A stable shell for artificial cells
Scientists of the MaxSynBio Research Network are developing cell-like lipid vesicles which can be populated with natural cell proteins.
October 26, 2017
At first glance, the natural cell membrane looks like a relatively simple structure consisting of a double layer of fatty acid molecules. But in fact, the cell membrane exhibits properties which have proven very difficult to reproduce in the laboratory. Artificial cells have a shell made of fat molecules; however, until now, it has been too unstable and non-porous. As a result, scientists have been unable to populate these artificial cells with the molecules required for cellular processes to take place.
With the aid of a trick, the Max Planck scientists and their colleagues created lipid vesicles that could in future form the basis for artificial cells. The researchers used droplets made from long-chain organic molecules known as amphiphilic polymers, which act like surfactants. The droplets consist of an outer layer of perfluorinated polyether and an inner layer of water soluble polyethylene glycol to which gold nanoparticles have been attached. The difference in solubility between the inner and outer layer means that the droplets float in an oil-containing medium, while retaining an aqueous solution in their interior. Using a micro-injection system, the researchers were able to inject tiny lipid vesicles into the polymer droplets. Adding magnesium causes the vesicles inside the droplets to dissipate and merge to form a single lipid layer on the inside of the droplet.
“The lipid vesicles that this produces are mechanically and chemically stable, allowing us to inject proteins into them, as in natural cells,” says Joachim Spatz from the Max Planck Institute for Medical Research in Heidelberg. Using a picoinjection system specially developed for this purpose, the researchers could inject precisely controlled quantities of cellular proteins into the polymer-lipid vesicles. “Using this technique, we are able to populate up to 1000 vesicles per second with proteins – cytoskeletal proteins like actin and tubulin or the transmembrane protein integrin. This means we can quickly obtain enough vesicles for biological or medical analysis,” explains Spatz. The scientists then remove the surfactant shell and transfer the lipid vesicles to an aqueous solution. The vesicles can, for example, then be made to interact with natural cells.

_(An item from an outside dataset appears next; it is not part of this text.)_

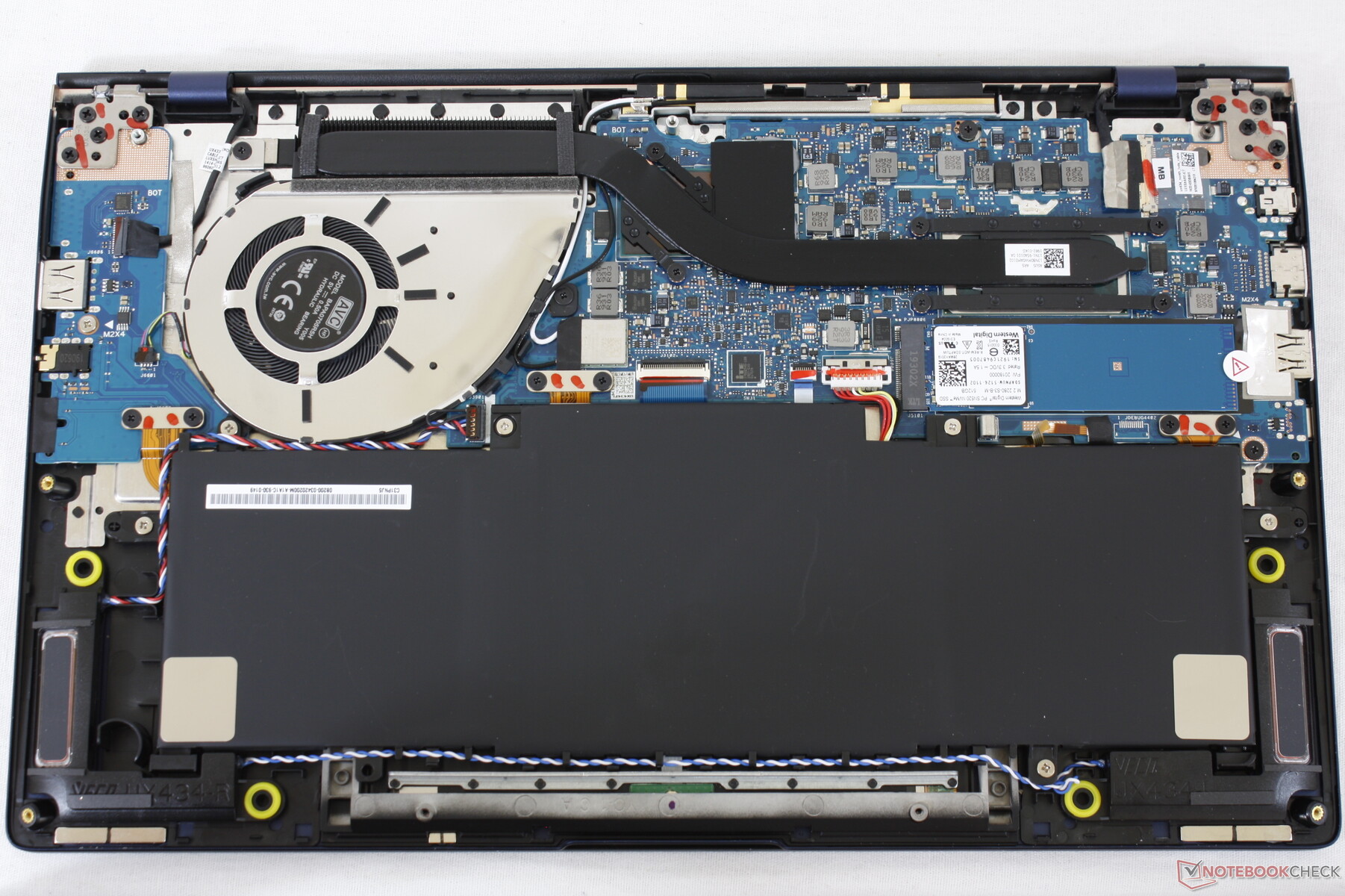 Die Laufzeit ist mit fast 7,5 Stunden realer WLAN-Nutzung bei aktivem ScreenPad respektabel. Dies ist etwa eine oder zwei Stunden kürzer als bei vielen anderen 14-Zoll-Subnotebooks, einschließlich dem Asus-eigenen VivoBook S14, was der Preis ist, den man für einen eingebauten zweiten Touchscreen/Monitor zahlt.

The new technique is not just limited to helping develop artificial cells, as is the goal of synthetic biology and in Germany the MaxSynBio research network of the Max Planck Society. It also offers a simple model system that is quick to manufacture and can be used to study interactions with signalling molecules on other cells or viruses.
The project involved researchers from the Max Planck Institutes for Medical Research in Heidelberg, for Dynamics and Self-Organization in Göttingen, for Dynamics of Complex Technical Systems in Magdeburg and of Colloids and Interfaces in Potsdam, and from the Universities of Heidelberg, Jena, Magdeburg and Bordeaux.